Wisely our guide Patrick, took us to look at different perspective of the Great War in the Ypres area, we visited Langemark cemetery one of only four German cemeteries in Flanders area. I’m glad he did.

Below is the main entrance, the style is very different to the Commonwealth War Graves sites, it has a completely different atmosphere, but then how we remember our dead, varies from one end of the country to the other, let alone another country and a very different set of circumstances.

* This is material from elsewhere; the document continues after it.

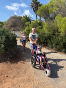 Die sportrolstoel hebben we uiteindelijk het meest gebruikt — en niet alleen omdat hij lekker rolt. Ibiza zit namelijk vol onverharde weggetjes, spontane zandpaden en heel veel baaitjes waar men kan zwemmen/ drijven. Met de sportrolstoel kunnen we makkelijk het water in én de Stabilo gebruiken: een kneedbaar zitkussen dat je kunt vormen naar praktisch elke situatie. Onmisbaar dus.
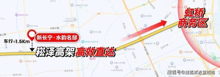 从家门口出发到崧泽高架赵重公路出入口仅约1.5公里,上高架后没有红绿灯直通大虹桥核心。整体只要6个红绿灯,自驾非常高效。

The white stone of the British and Commonwealth cemeteries is an obvious difference to the dark stone of the German.

Although to my mind British and Commonwealth War Graves, and this German cemetery have a common theme, its a sense of enclosure, that goes a little way to bring the unimaginable enormity of this carnage (over 44,000 burials here) into, a place, however symbolic, that provides a sense, that is somehow, protective and embracing.
The tablet shaped stones bear the names of many, we counted seventeen on one.

Inside one of the two chambers at the entrance to the cemetery engraved in oak are the names of the men who are known to be buried here, but their grave is not identifiable, each day the rise and fall of the sun arcs light across them.

The cemetery is planted, with oaks, a German symbol of strength ( remember there are no trees here that pre date the Great War, they were all destroyed by shelling and gun fire, these oaks are 80 years old)

There is a wreath made of bronze oak leaves, mother nature slipped her own oak leaves in amongst the castings

A visitor had left a poppy,

the German flower of remembrance is a corn flower, Patrick told us more British and Commonwealth visitors come here than German. Whilst we were there, there were several British school parties, I’m so pleased about this, its so important, and government funding is available for schools to visit.
There is a striking bronze sculpture of grieving soldiers

They look out over an area of grass, an area not as big as a tennis court, this is the communal grave for 25,000 soldiers, yes twenty five thousand,

the names of only half of them are known. This small patch of grass, contains the equivalent of the population of our nearest market town. I stood and thought about this for sometime,
Patrick pointed out a gateway too us

And then showed us a photo of Hitler, walking through the gate in June 1940. Chilling, how, why?